Inflation Is More Than a Statistic
The budget targets inflation of 7.5%. For policy-makers, inflation is a percentage. For ordinary citizens, it is daily life.
It is the mother in Rangpur buying less fish than last year. It is the garment worker in Gazipur whose salary increase disappears at the grocery store. It is the retired teacher in Khulna who now spends a larger share of income on medicine.
Official inflation figures matter. But lived inflation matters more. When families continue struggling despite optimistic projections, confidence erodes further. Economic recovery is not measured by PowerPoint slides. It is measured by whether people feel relief when they visit the market.
The Real Deficit is Trust
The government frequently speaks of a trillion-dollar economy. Perhaps Bangladesh will eventually reach that milestone. But becoming a trillion-dollar economy is not primarily a mathematical challenge. It is an institutional challenge.
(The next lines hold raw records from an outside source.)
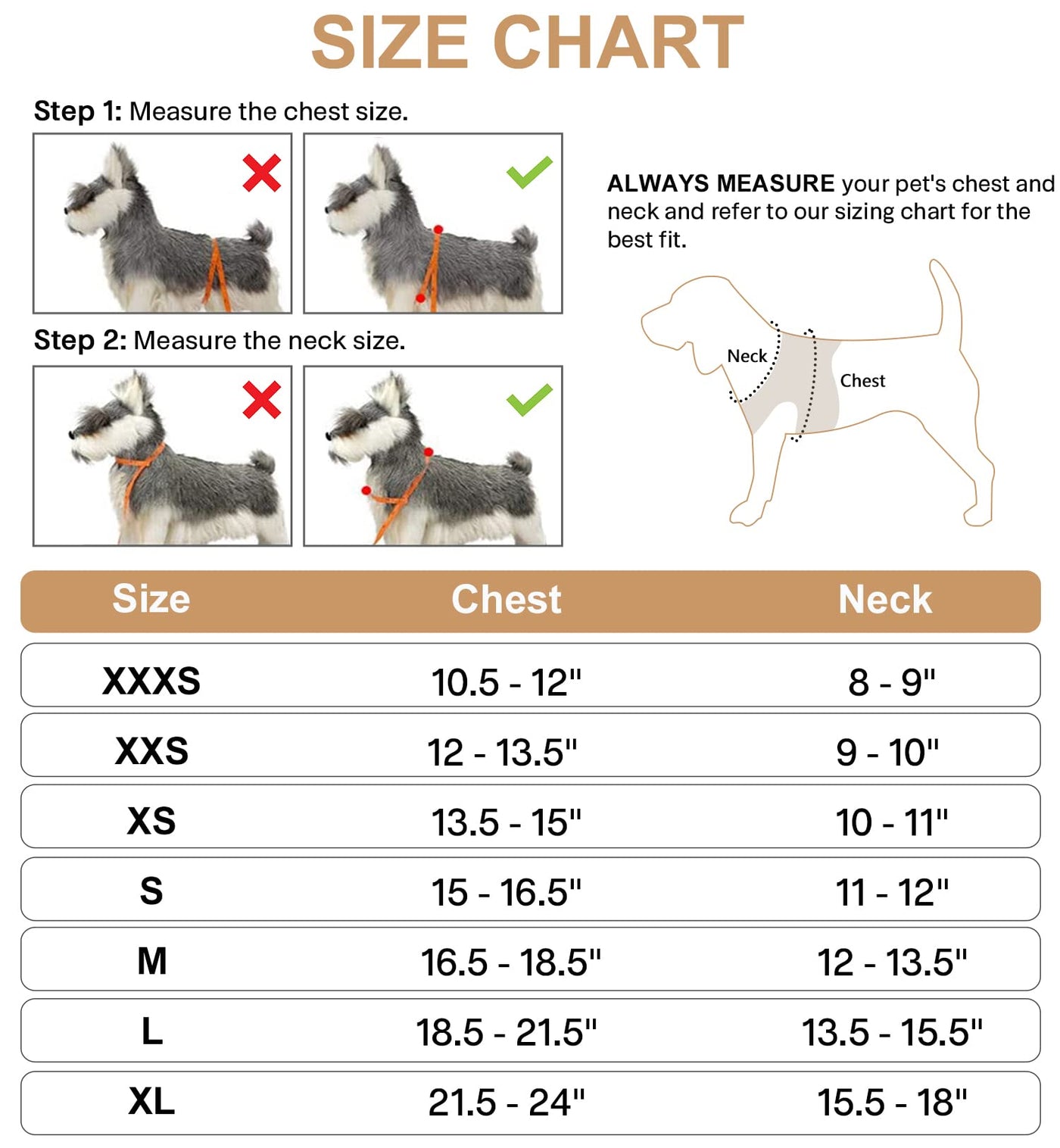 Size Guide: It is highly recommended to measure the widest part of your pet 's chest and neck and refer the size chart before placing an order. Avoid choosing the size by weight alone. It is ideal for extra-small small and medium breeds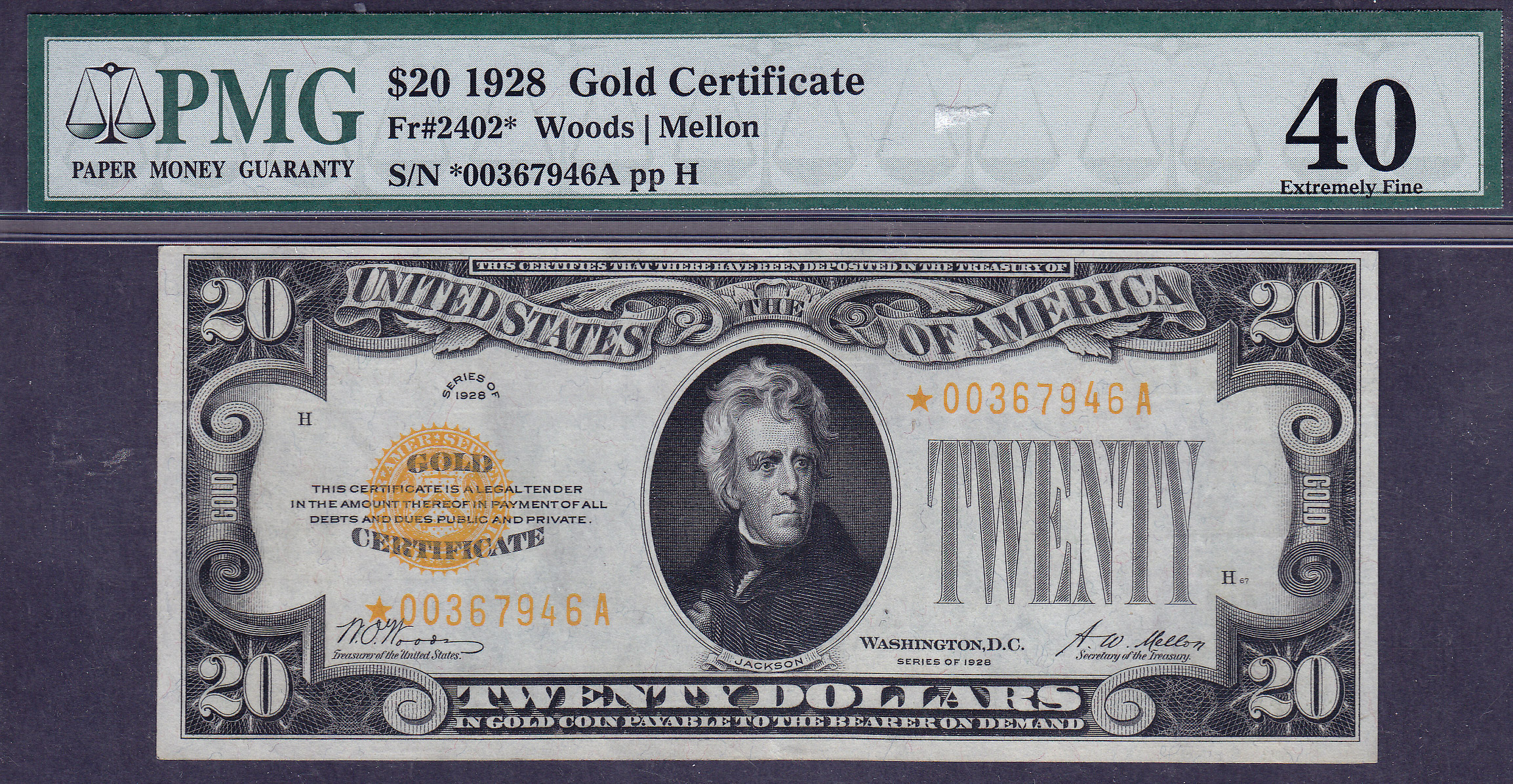 Fr.-2402 1928 $20 Gold Certificate Ser. # *00367946A PMG-40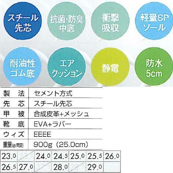 | 特徴 | 1、スチール先芯 2、抗菌・防臭中底 3、衝撃吸収 4、軽量SPソール 5、耐油性ゴム底 6、エアクッション 7、静電 8、防水5cm 9、かかと 10、AIRタンク 11、靴底の色は全色共通 |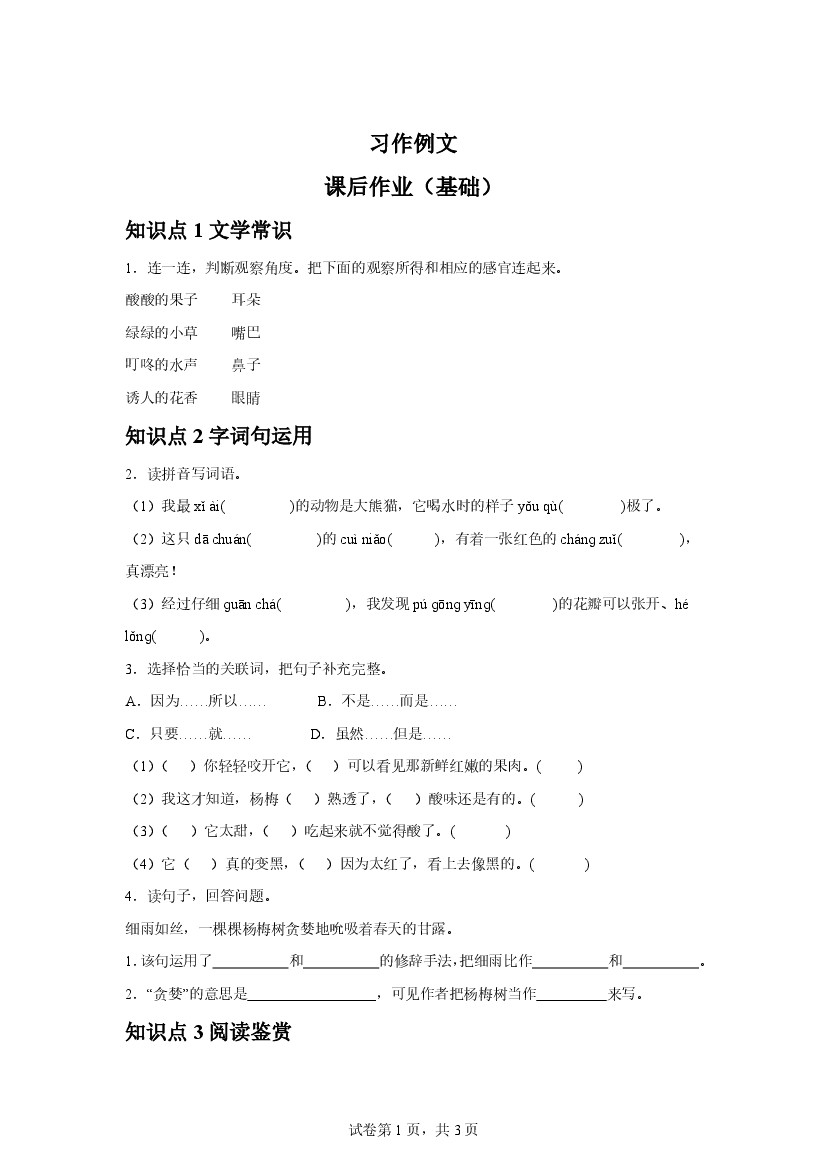 25年秋【三上语文】习作例文 随堂检测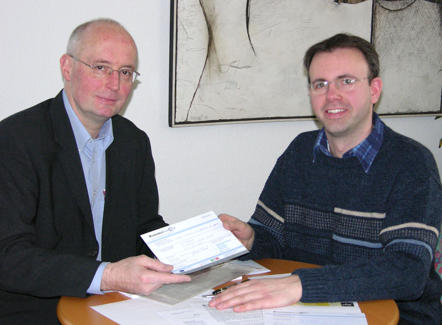 Berater Norbert Merkel übergibt Firmenchef Christian Blatt zwei Firmen-Bildungsschecks für die Fortbildung von Mitarbeitern der Firma Fürstenberg-Parkett.

Countries become wealthy when citizens trust institutions. When investors trust contracts. When taxpayers trust government. When depositors trust banks. When entrepreneurs trust the rules of the game.
Today, Bangladesh's largest deficit may not be fiscal. It may be a deficit of trust. The budget acknowledges many of the country's problems. That is an important first step.
The next step is harder. Replacing optimistic targets with credible reforms. Replacing slogans with measurable accountability. Replacing selective enforcement with equal treatment under the law. And replacing promises with results.
Because history shows that nations do not become prosperous simply by announcing ambitious goals. They become prosperous when citizens believe their government is telling them the truth.
Dr Mohammad Nakibur Rahman is a professor of Finance at the University of North Carolina and the US spokesperson for Jamaat-e-Islami Bangladesh.